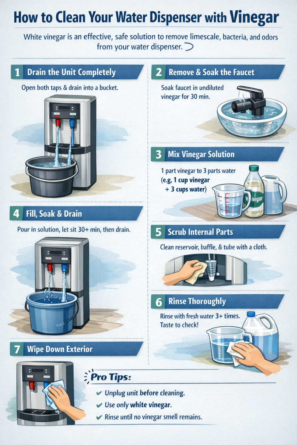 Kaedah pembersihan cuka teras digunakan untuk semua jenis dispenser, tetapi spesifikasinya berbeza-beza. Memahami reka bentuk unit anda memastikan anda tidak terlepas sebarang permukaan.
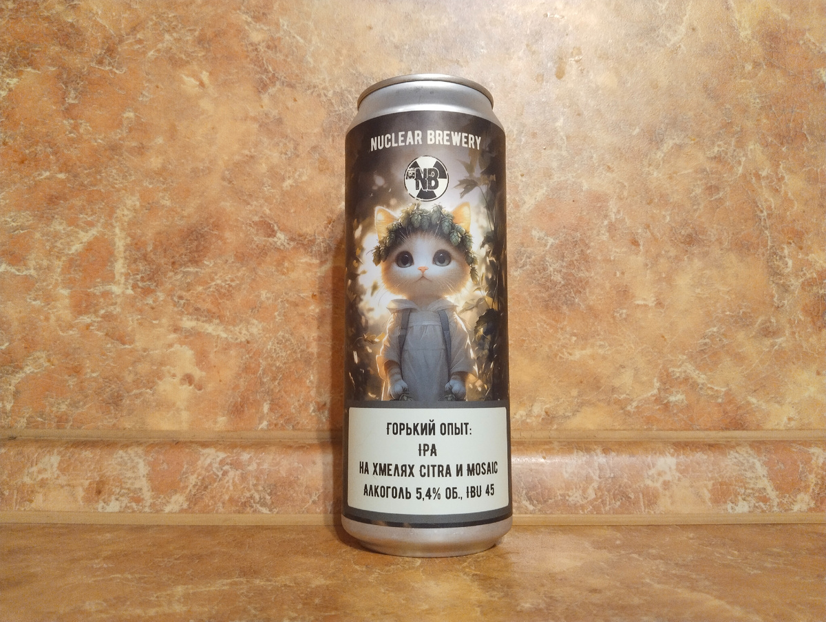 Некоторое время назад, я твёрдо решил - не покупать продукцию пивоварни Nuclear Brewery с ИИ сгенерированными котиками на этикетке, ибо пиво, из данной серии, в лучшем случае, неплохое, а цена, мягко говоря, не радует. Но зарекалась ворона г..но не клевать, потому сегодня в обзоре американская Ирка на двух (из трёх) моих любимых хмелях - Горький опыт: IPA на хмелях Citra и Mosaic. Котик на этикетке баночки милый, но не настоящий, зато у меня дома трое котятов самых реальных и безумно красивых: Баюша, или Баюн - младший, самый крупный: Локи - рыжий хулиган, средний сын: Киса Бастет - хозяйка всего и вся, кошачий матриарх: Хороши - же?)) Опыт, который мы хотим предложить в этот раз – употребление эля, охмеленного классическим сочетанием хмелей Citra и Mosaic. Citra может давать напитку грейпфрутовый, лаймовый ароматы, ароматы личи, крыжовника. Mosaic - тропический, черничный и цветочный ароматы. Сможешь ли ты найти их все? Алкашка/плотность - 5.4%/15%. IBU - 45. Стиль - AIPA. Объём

○ ○ ○

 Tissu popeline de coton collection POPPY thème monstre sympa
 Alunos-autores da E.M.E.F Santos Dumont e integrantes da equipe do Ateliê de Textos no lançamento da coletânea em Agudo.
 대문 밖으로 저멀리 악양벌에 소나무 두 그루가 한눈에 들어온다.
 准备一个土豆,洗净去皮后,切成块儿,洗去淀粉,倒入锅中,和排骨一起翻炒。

○ ○ ○

• _Exercise objective_
Could you repeat exactly the lines above from the line with "Tissu popeline de" up to and including the line with "准备一个土豆,洗净去皮后,切成块儿,洗去淀粉,倒入锅中,和排骨一起翻炒。", and only those?

• _The answer_
 Tissu popeline de coton collection POPPY thème monstre sympa
 Alunos-autores da E.M.E.F Santos Dumont e integrantes da equipe do Ateliê de Textos no lançamento da coletânea em Agudo.
 대문 밖으로 저멀리 악양벌에 소나무 두 그루가 한눈에 들어온다.
 准备一个土豆,洗净去皮后,切成块儿,洗去淀粉,倒入锅中,和排骨一起翻炒。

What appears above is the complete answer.